The remainder of the meeting was engaged in determining the proper degree of modesty, which balanced the need for adequate functionality against the requirement that the cost of entry for participating archives be sufficiently low. This is a question that has bedeviled other efforts at interoperability; for example, buy-in to the highly functional Z39.50 protocol has largely been limited to libraries, due to the costs of complexity (Stubley 1999). An important step towards establishing the cost/functionality balance was reached by the beginning of the second day with agreement among the participants on a tiered model of interoperability. This model is illustrated in Figure 1, showing the following layers:

  • Document Models - that address document structure and allow the specification of multiple disseminations (e.g., in multiple formats or of various structural decompositions) of a document instance. One example that addresses this level of interoperability is the Dienst repository protocol.
  • Metadata Harvesting - that enables the extraction of descriptive surrogates for documents. This approach was effectively demonstrated by the Harvest project (Bowman 1995) several years ago.
  • Mediator Services - that describe the nature of services that use and enhance information available from archives. The UPS Prototype (Van de Sompel, Krichel, Nelson, et al 2000) demonstrated a number of these services (e.g., linking) that build on top of the metadata harvesting layer. This service layer is also described in the digital library service model of (Leiner 1998).

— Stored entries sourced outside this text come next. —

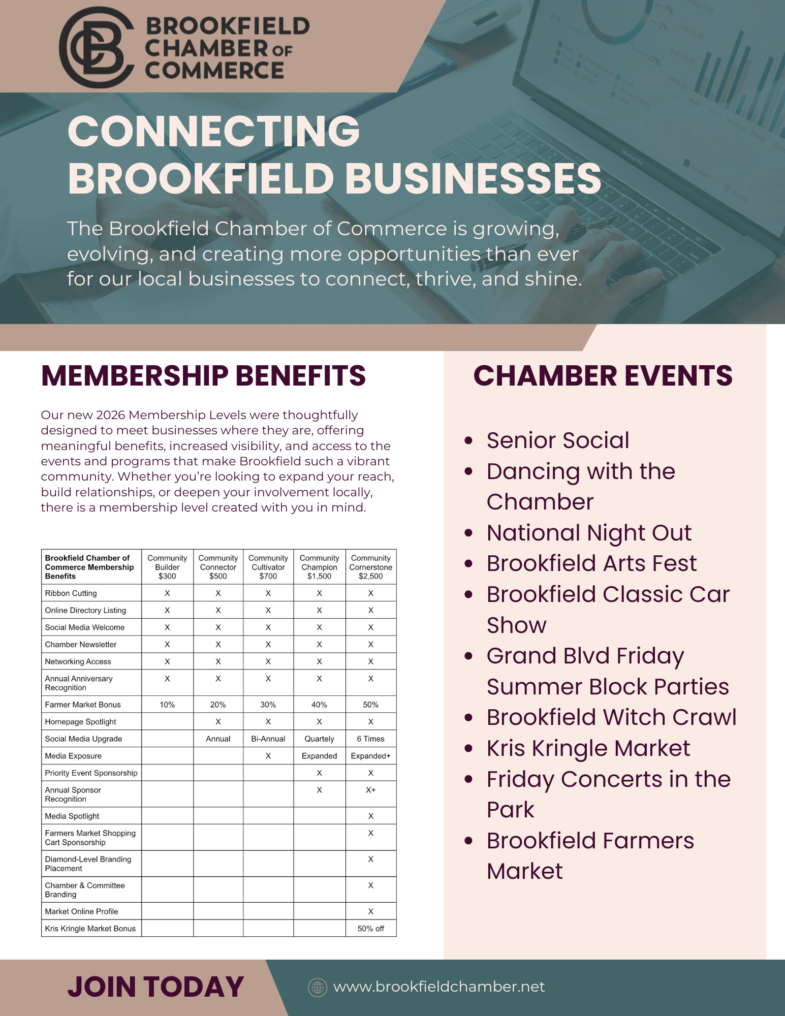 2026 launches a new membership platform for the chamber allowing businesses to choose the tier that best serves their needs. We've worked hard to restructure our membership packages to bundle the entire year into one smart investment- offering built-in exposure, event participation, and discounts that often cost significantly more when purchased separately. Rather than being approached for donations to individual events, each level gives members a roadmap to grow within the Brookfield community. Membership levels have been thoughtfully curated to give additional representation, marketing and event sponsorship to our members.
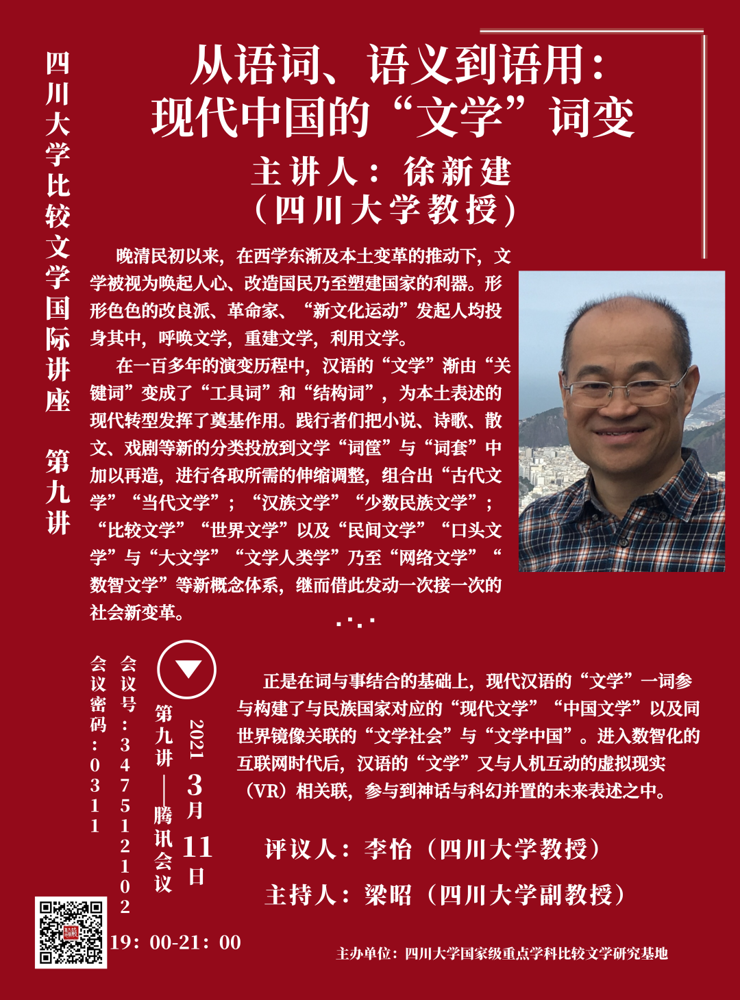 徐新建教授主讲 “从语词、语义到语用:现代中国的‘文学’词变”
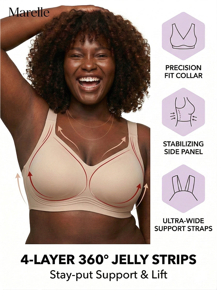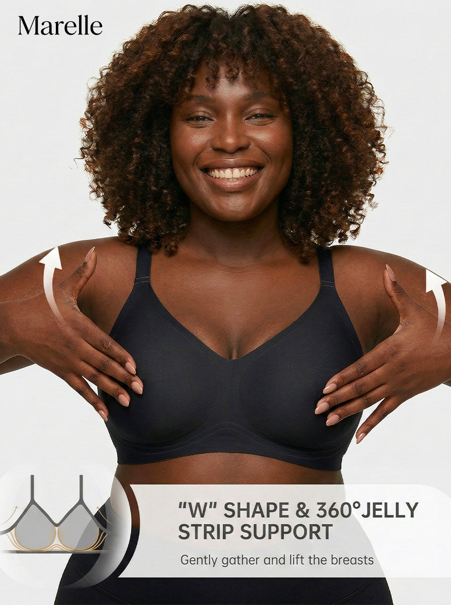 Most jelly bras use a thin gel strip as a decorative detail — not a real structural support system. Marelle's W-shaped strip is load-bearing. It was engineered specifically to carry the weight of a fuller bust from below, the same way an underwire does mechanically, but without the rigidity. The difference is in the shape of the strip and the depth it sits at along your underbust. Most customers who felt let down by other jelly bras feel the difference within the first hour of wearing Marelle.
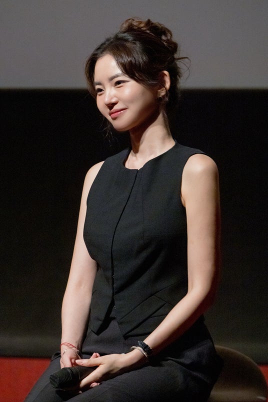 舞台挨拶は、「私は沖縄ブルーノートの監督、チョ・ソンギュです。」というチョ・ソンギュ監督の日本語でのあいさつに始まり、「皆さんこんにちは、お久しぶりです。キム・ドンワンです。お会いでき、また馴染みのあるお顔にも再会できて嬉しいです。」(キム・ドンワン)、そして女優のファン・スンオンも「初めまして、私はスンオンです。よろしくお願いします。」と日本語で自己紹介をするところからスタート。
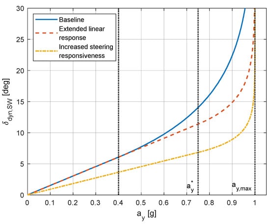 where represents the vehicle mass, and denote the distances between the vehicle center of mass and the front and rear axle, respectively, and and are the cornering stiffnesses of the front and rear axle, respectively. This approach enables the manipulation of the vehicle’s cornering response by acting on the understeering coefficient (). However, the linear nature of this approach for the reference yaw rate has limitations due to the inherent linearization and is thus effective within the linear region of tires (typically below 4 m/s2 lateral acceleration). Notably, this method does not account for tire–road friction, which physically restricts the maximum attainable yaw rate. To address this limitation, a more sophisticated approach is introduced, allowing for a detailed design of the reference understeer characteristic [,,,,,,,,,,,,,,]. In relation to that, a piecewise function defines the relationship between the dynamic steering angle and the lateral acceleration , which, under quasi-steady-state conditions, is directly associated with the reference yaw rate (). This approach originates from defining the steering angle as the sum of dynamic and kinematic components, with the latter obtained from the Ackermann formula, as in the following:
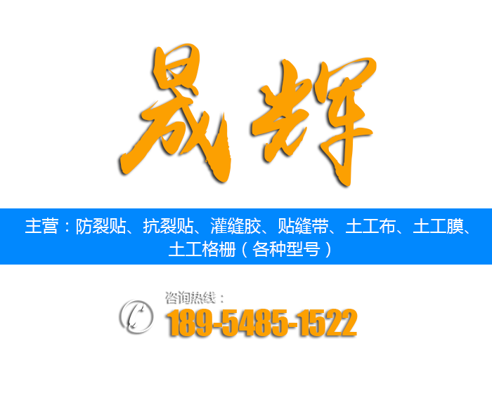 山東晟輝工程材料有限公司是專業從事土工材料、山東防裂貼生產廠家,新型復合材料生產研發的企業。公司成立以來,不斷開拓與創新,依據市場需求,積極為客戶提供新穎實用的產品。主要生產【防裂貼】、【抗裂貼】、【貼縫帶】、【瀝青灌縫膠】、【雙面貼止水帶】、【土工布】、土工格柵、土工格室、土工網墊、軟式透水管、三維植被網、鈉基膨潤土防水毯、土工膜、復合土工膜等。
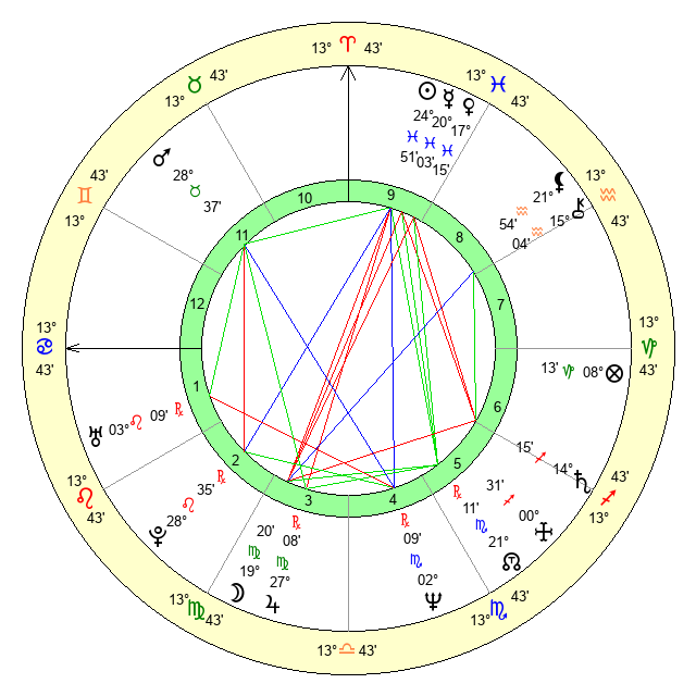 | Neptune | 2 Scorpio 9 | 29 Pisces 26 | 0 Scorpio 25 |
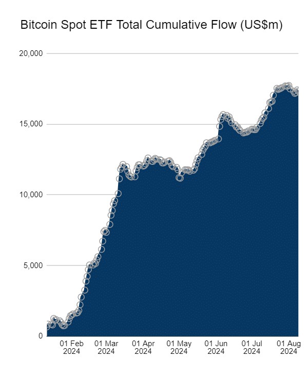 Furthermore, cumulative data from Farside Investors shows that U.S. BTC spot ETFs have garnered a net inflow of $17.341 billion since their inception.
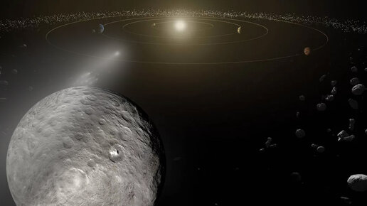 Пояс астероидов – интересное космическое пространство Солнечной системы, расположенное между орбитами Марса и Юпитера, наполненное ледяными и каменными обломками. Огромное количество космических осколков, занимающих огромное пространство от 2,2 до 3,6 астрономических единиц, дрейфуют по орбите вокруг Солнца, напоминая нам о том, какое бурное прошлое было у нашей Солнечной системы. В данной области космического пространства можно встретить как совсем крошечные обломки, так и достаточно массивные тела, например, как Церера диаметром около 950 километров...
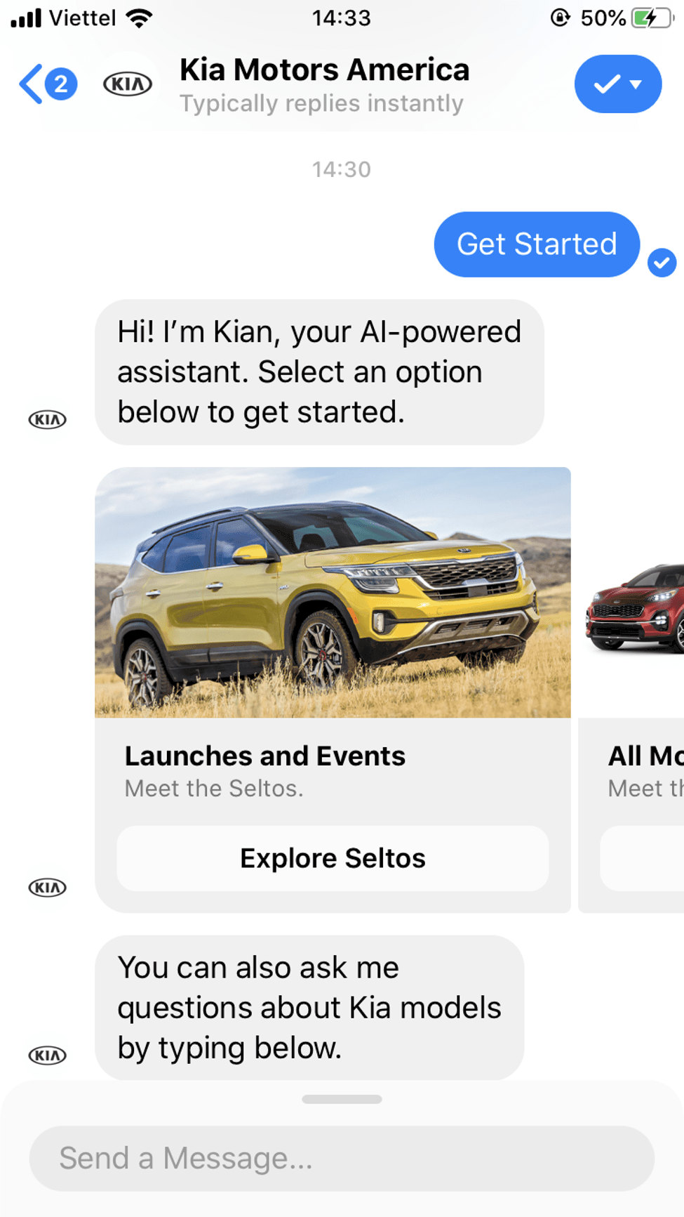 Un autre exemple est le Facebook Messenger Bot de Kia Motors America. L'assistant alimenté par l'IA vous guide pour obtenir les informations dont vous avez besoin en vous demandant de choisir parmi différentes options. Peu à peu, cela vous rapproche de ce dont vous avez besoin.

Figure 1: a tiered model of interoperability

Framing the problem of interoperability with this model quickly led to the decision to restrict the Santa Fe recommendations to interoperability at the level of metadata harvesting. The mechanisms for establishing this interoperability, described in full detail in the Santa Fe Convention and summarized in the remainder of this paper, are three-fold:

  1. The definition of a set of simple metadata elements -- the Open Archives Metadata Set (OAMS) -- for the sole purpose of enabling coarse granularity document discovery among archives;
  2. The agreement to use a common syntax, XML, for representing and transporting both the OAMS and archive-specific metadata sets;
  3. The definition of a common protocol -- the Open Archives Dienst Subset -- to enable extraction of OAMS and archive-specific metadata from participating archives.

This agreement treats documents as black-boxes; archives can have idiosyncratic document representations with the Santa Fe Convention only specifying a URL entry point to the archives' individual document models. The question and functionality of common mediator services are left open to implementers who wish to exploit the Santa Fe Convention and build mechanisms based on it.

The Santa Fe Convention


The Santa Fe Convention presents a technical and organizational framework designed to facilitate the discovery of content stored in distributed e-print archives. It makes easy-to-implement technical recommendations for archives that - when implemented - will allow data from e-print archives to become widely available via its inclusion in a variety of end-user services such as search engines, recommendation services and systems for interlinking documents. In addition, the convention introduces an organizational framework for making information available about archives that adhere to the technical recommendations of the convention -- the data providers -- and about trusted parties that build end-user services for data originating from such archives -- the service providers. As such it provides a communication mechanism between providers of data and providers of services and creates a community of open archives.

Definitions and Concepts

The Santa Fe Convention builds on on a number of definitions and concepts that are essential for its understanding.

Open and managed e-print archives

The Convention considers the following to be crucial components of an e-print archive:

  • A submission mechanism;
  • A long-term storage system;
  • A management policy with regard to submission of documents and their preservation;
  • An open machine interface, that enables third parties to collect data from the archive.

The last item is crucial for enabling third parties to create services that support the discovery, presentation and analysis of data in the archive. Most e-print archives will also provide native end-user services. However, facilitating the broad dissemination of archive data through third party services is a crucial feature of an e-print archive. Therefore, the open interface is a key part of the Santa Fe Convention.

Data providers and service providers

Consistent with the objective of the Santa Fe Convention and the identification of the crucial functions of an e-print archive, there is a distinction between two participants in the convention:

  • A data provider is the manager of an e-print archive, acting on behalf of the authors submitting documents to the archive. As pointed out above, the data provider of an open archive will, at least, provide a submission mechanism, a long-term storage system and a mechanism that enables third parties to collect data from the archive;
  • A service provider is a third party, creating end-user services based on data stored in e-print archives. For instance, a service provider could implement a search engine for mathematical e-prints stored in archives worldwide.

Data in an e-print archive

The convention uses the notion of a record in an archive. Some archives may store metadata that describes full content without storing the full content itself. In this case, the metadata is a record. Other archives may also store full content. However, the convention assumes that if full content is stored, there will always be associated metadata stored in the archive as well as a mechanism to tie metadata and content together. In this case the combination of metadata and full content is a record.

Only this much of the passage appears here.